Osteogenesis Imperfecta

Clinical Definition and Features

Clinical manifestation of Osteogenesis imperfecta Figure X-1 | Image courtesy of OI Foundation Opens in new window

Osteogenesis imperfecta (OI) is a heterogeneous group of genetic disorders of type I collagen metabolism characterized by extreme fragility and porosity of the bones, with an attendant proneness to fracture.

The severity of OI symptoms ranges from prenatal death to mild osteopenia without limb deformity; and the incidence ranges from 1 per 20,000 to 1 per 50,000 live births. There is no predilection for race, gender, or ethnic origin.

Although bone fragility is the cardinal feature of osteogenesis imperfecta, other tissues in which type I collagen is the primary structural protein are also affected. These include skin, tendon, ligament, and dentin.

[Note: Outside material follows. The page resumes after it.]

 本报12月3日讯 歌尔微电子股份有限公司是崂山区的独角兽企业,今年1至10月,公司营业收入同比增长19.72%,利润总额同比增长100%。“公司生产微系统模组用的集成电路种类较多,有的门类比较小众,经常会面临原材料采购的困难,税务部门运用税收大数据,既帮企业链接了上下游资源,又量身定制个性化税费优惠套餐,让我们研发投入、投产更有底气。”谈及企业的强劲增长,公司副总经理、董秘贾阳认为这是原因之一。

Associated features in some affected individuals include:

  • blue sclera,
  • opalescent teeth with characteristic radiologic features,
  • hearing loss,
  • deformity of long bones and spine, and
  • joint hyperextensibility.

Types of Osteogenesis Imperfecta

Osteogenesis imperfecta is divided on a clinical and hereditary basis into four types. The severity of the disorder varies widely between and even within families; some individuals have minimum involvement of the skeleton and may never have a fracture, whereas others have very severe involvement and many fractures.

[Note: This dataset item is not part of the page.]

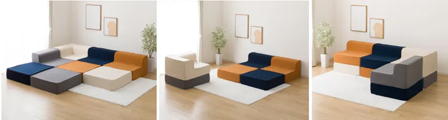 「マルチブロックソファ」は、ライフスタイルにあわせて、複数のユニット(3形状×4色)から自由に選んで購入し、組み合わせて使うことができるソファです。中材はウレタンのみの構造。軽量ですが、クッション性のあるしっかりした座り心地に仕上げました。
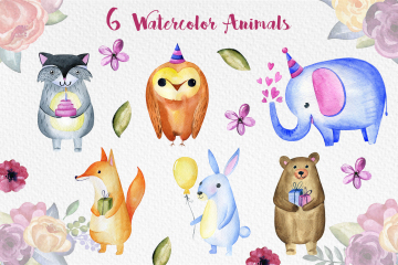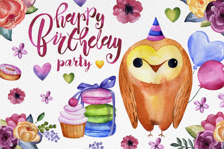 图穷联素材库 » Happy Birthday Party 水彩手绘生日派对元

Clinical and genetic studies delineate four major syndrome groups (Table X-1). The estimated prevalence of all types combined is about 0.5/10,000 births (8).

Although all of these syndromes are likely heterogeneous (7) at the clinical, radiographic, and molecular levels.

Table X-1 | Major osteogenesis imperfecta syndromes
TypeSalient featuresInheritanceMost common
molecular background
Type I
  1. Mild to moderately severe fragile bone
  2. Hearing loss (50%)
AD (common)Nonfunctional COL1A1 gene (null allele)
Type IA
  1. Normal teeth
Type IB
  1. Opalescent teeth
Type II
  1. Very severe bone fragility
  2. Blue sclera
  3. Stillborn or death shortly after birth
  1. AD (common)
  2. AD (common)
  3. AR (doubtful)
Point mutations resulting in substitution of Gly residues in triple helix domain of α1(I)/α2(I)
Table X-1 Continues | Major osteogenesis imperfecta syndromes
TypeSalient featuresInheritanceMost common
molecular background
Type III
  1. Moderately severe to severe bone fragility
  2. Blue sclera (in infancy) Generally not lethal in infancy, but death in first decades is not uncommon
  1. AD (common)
  2. AR (infrequent)
Deletions in COL1A1 gene causing frameshift
Type IV
  1. Mild to moderately severe bone fragility
  2. Normal sclera, but may be pale blue in early infancy
  3. Hearing loss
ADPoint mutations in COL1A2 gene
Type IVA
  1. Normal teeth
Type IVB
  1. Opalescent teeth

Nomenclature classifying patients into congenital and tarda forms is not useful, as individuals with any osteogenesis imperfect syndrome can be born with fractures; in addition, this feature cannot be consistently correlated with inheritance pattern, prognosis, or recurrence risk (1,2,4).

Classification into broad-boned and thin-boned types is also unsatisfactory, as change from one shape to another can occur with age.

Molecular pathology

The different forms of osteogenesis imperfecta are caused by mutations Opens in new window in the two genes that encode the chains of type I collagen—i.e., COL1A1, located on chromosome 17, and COL1A2, located on chromosome 7.

These proteins encode encode for the pro-α1 and pro-α2 chains of type 1 procollagen. Two pro-α1 chains and one pro-α2 chain together form one heterotrimer.

This procollagen is secreted by fibroblasts, after which the aminopropeptides on each of the three pro-α chains are cleaved off by a protease, and the carboxy-propeptides are cleaved off by another protease.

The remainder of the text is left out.